= What is being asked =
From the entries below, print exactly the span beginning with the line holding "コーディネートの主役となるバ" and ending with the line holding "Twarde i wysoce", endpoints included, and skip any pictures.

= Exercise inputs =
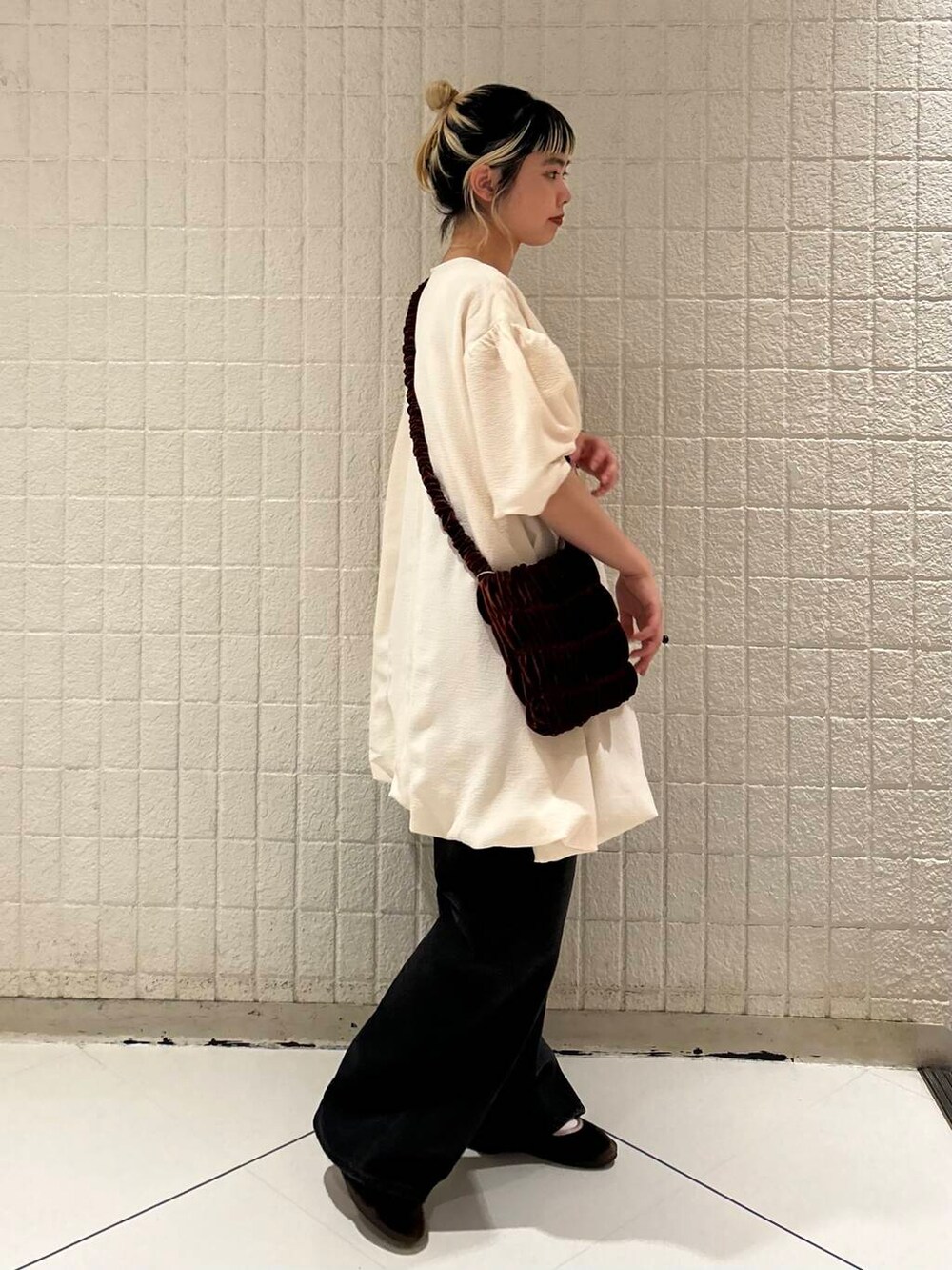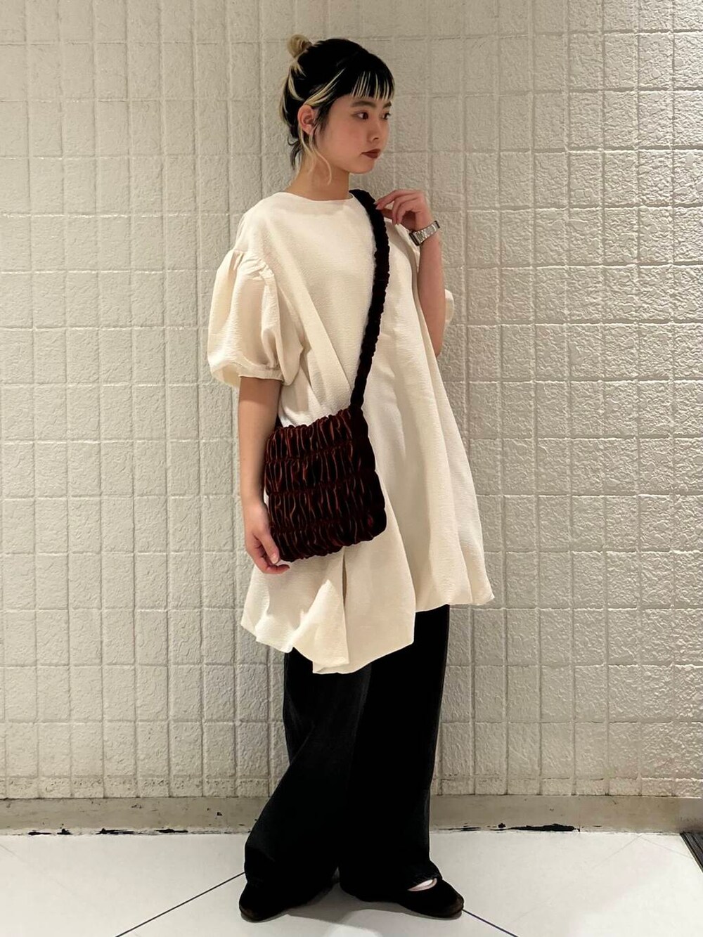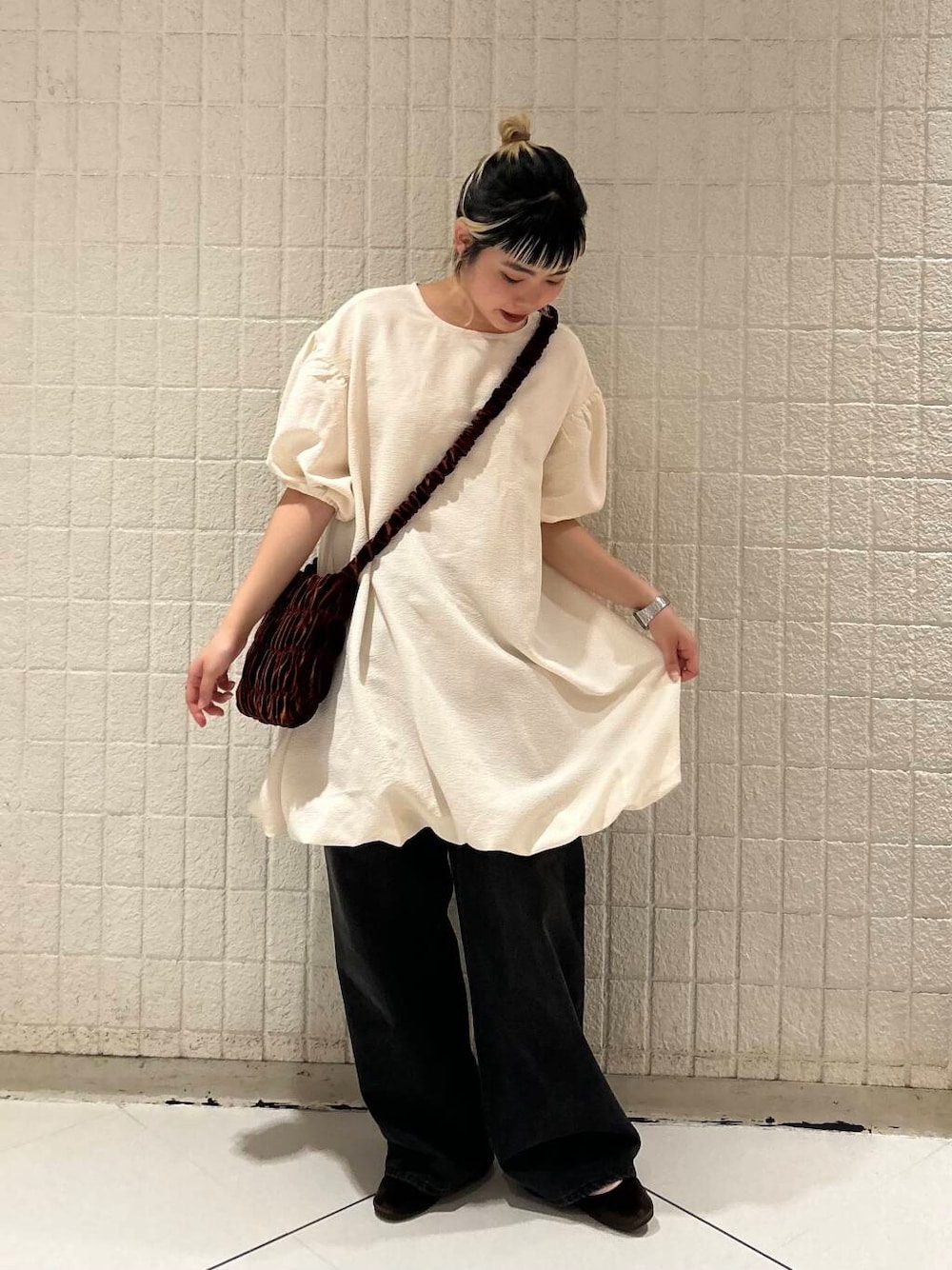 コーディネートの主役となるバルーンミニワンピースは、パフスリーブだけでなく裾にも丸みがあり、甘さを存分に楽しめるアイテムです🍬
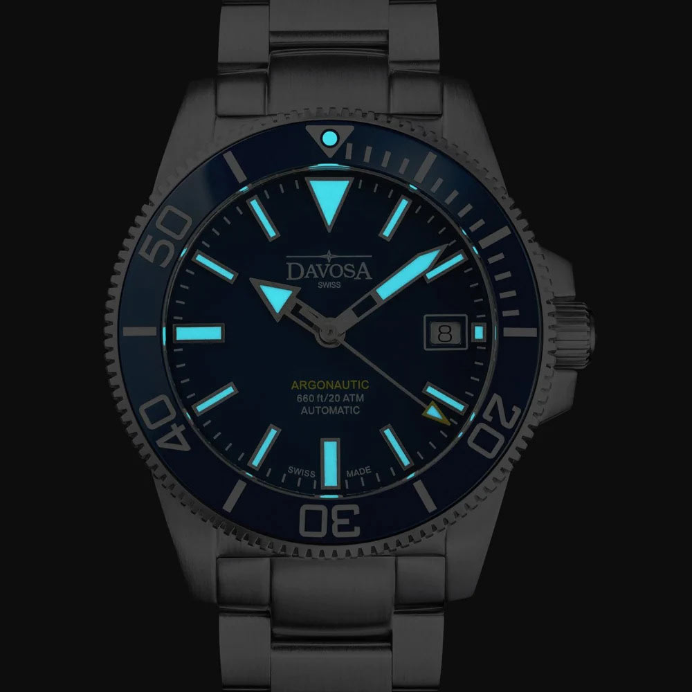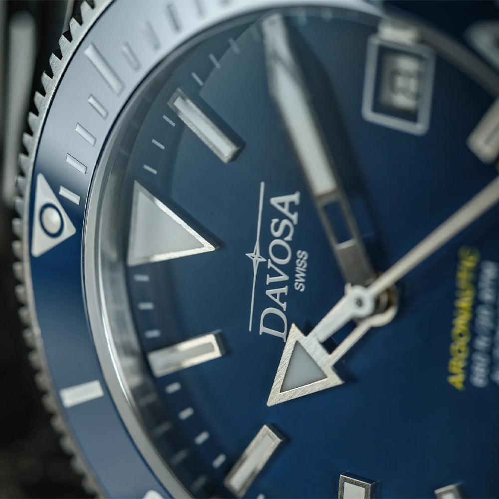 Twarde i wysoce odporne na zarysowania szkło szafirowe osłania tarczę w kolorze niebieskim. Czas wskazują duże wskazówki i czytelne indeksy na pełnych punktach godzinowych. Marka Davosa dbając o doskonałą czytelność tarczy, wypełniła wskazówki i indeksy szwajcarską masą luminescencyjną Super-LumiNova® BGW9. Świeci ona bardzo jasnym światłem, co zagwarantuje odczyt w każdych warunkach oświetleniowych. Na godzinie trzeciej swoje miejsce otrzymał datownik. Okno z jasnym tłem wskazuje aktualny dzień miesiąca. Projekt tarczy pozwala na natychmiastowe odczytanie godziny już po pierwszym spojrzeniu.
---
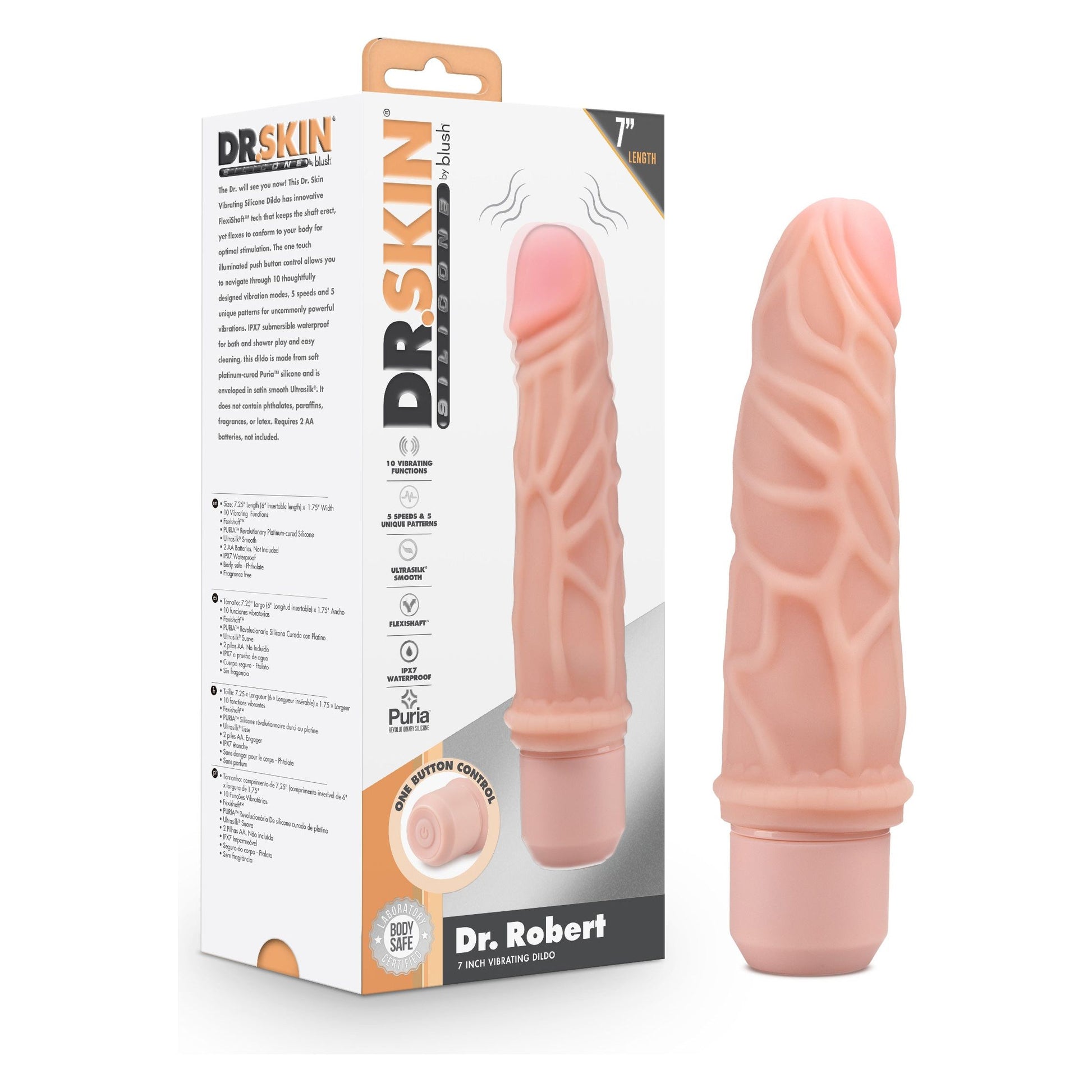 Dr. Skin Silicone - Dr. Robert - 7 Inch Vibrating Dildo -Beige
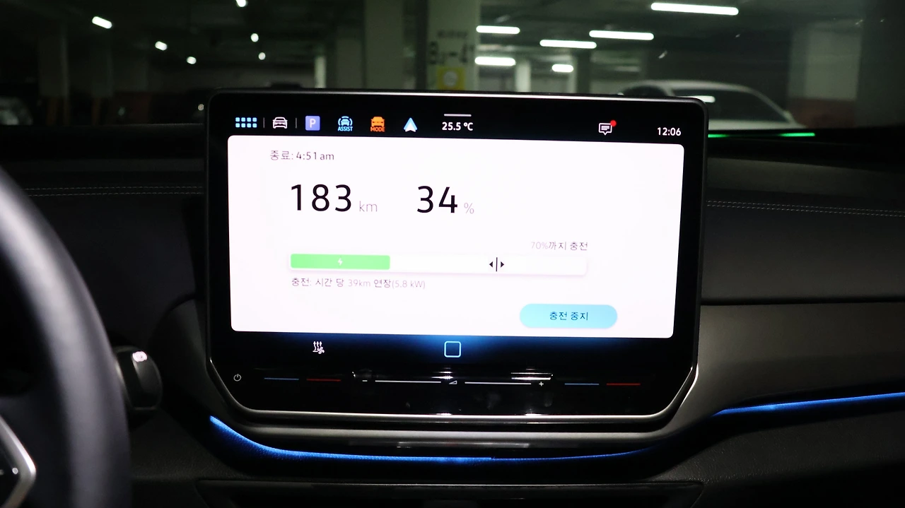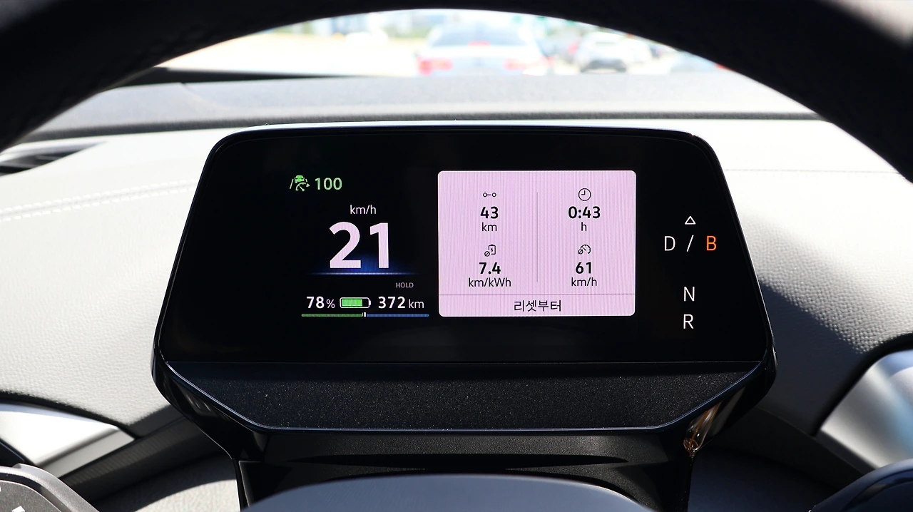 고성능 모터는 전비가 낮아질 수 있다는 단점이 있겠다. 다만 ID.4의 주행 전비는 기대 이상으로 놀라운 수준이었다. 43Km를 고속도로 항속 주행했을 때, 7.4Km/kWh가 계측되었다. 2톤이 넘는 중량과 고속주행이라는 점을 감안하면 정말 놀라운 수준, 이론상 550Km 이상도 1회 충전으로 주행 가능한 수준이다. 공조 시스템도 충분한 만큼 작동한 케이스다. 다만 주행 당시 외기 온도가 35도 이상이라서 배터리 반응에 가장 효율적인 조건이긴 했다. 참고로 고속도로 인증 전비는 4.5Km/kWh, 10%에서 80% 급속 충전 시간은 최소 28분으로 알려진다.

= Your response =
 コーディネートの主役となるバルーンミニワンピースは、パフスリーブだけでなく裾にも丸みがあり、甘さを存分に楽しめるアイテムです🍬
 Twarde i wysoce odporne na zarysowania szkło szafirowe osłania tarczę w kolorze niebieskim. Czas wskazują duże wskazówki i czytelne indeksy na pełnych punktach godzinowych. Marka Davosa dbając o doskonałą czytelność tarczy, wypełniła wskazówki i indeksy szwajcarską masą luminescencyjną Super-LumiNova® BGW9. Świeci ona bardzo jasnym światłem, co zagwarantuje odczyt w każdych warunkach oświetleniowych. Na godzinie trzeciej swoje miejsce otrzymał datownik. Okno z jasnym tłem wskazuje aktualny dzień miesiąca. Projekt tarczy pozwala na natychmiastowe odczytanie godziny już po pierwszym spojrzeniu.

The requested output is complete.